→ **WHAT NEEDS TO BE DONE**:
Make an exact copy of the data below, leaving out every picture.

SOURCE DATA Block Start

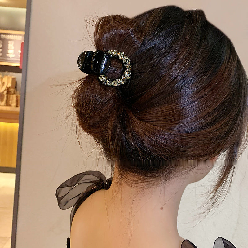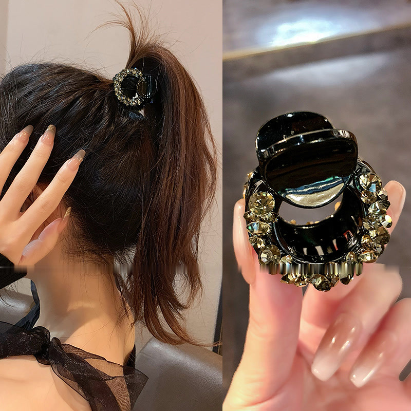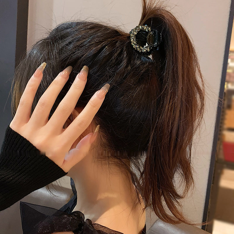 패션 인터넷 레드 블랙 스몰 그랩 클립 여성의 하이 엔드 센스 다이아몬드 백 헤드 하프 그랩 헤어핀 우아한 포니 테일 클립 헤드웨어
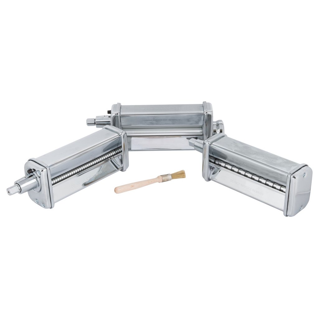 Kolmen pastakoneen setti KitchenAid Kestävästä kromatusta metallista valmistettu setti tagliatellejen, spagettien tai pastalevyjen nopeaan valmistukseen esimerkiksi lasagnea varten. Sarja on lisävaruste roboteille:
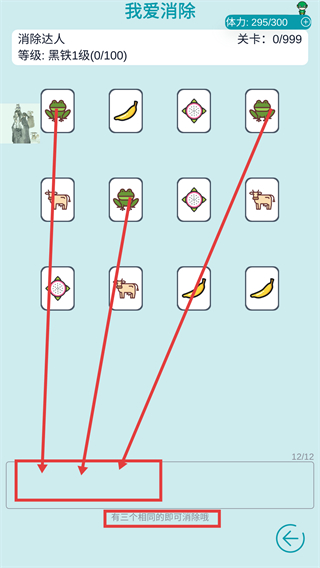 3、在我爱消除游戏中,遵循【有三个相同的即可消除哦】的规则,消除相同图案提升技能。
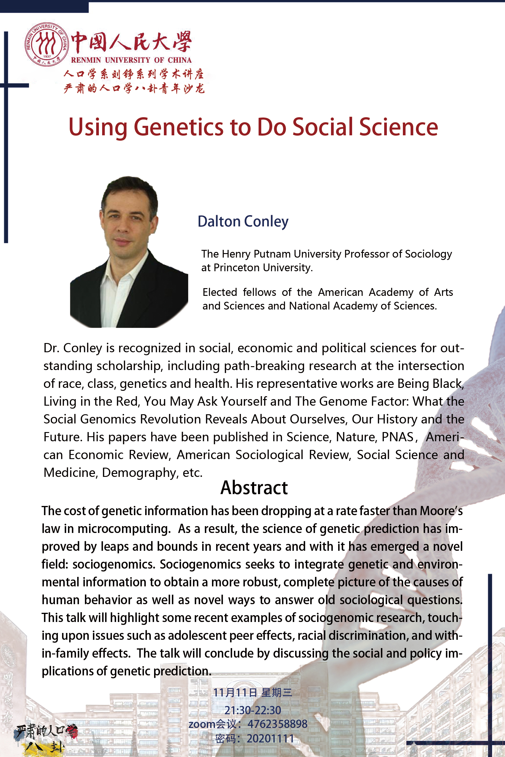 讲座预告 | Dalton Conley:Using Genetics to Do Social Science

SOURCE DATA Block End

→ **EXPECTED OUTPUT**:
 패션 인터넷 레드 블랙 스몰 그랩 클립 여성의 하이 엔드 센스 다이아몬드 백 헤드 하프 그랩 헤어핀 우아한 포니 테일 클립 헤드웨어
 Kolmen pastakoneen setti KitchenAid Kestävästä kromatusta metallista valmistettu setti tagliatellejen, spagettien tai pastalevyjen nopeaan valmistukseen esimerkiksi lasagnea varten. Sarja on lisävaruste roboteille:
 3、在我爱消除游戏中,遵循【有三个相同的即可消除哦】的规则,消除相同图案提升技能。
 讲座预告 | Dalton Conley:Using Genetics to Do Social Science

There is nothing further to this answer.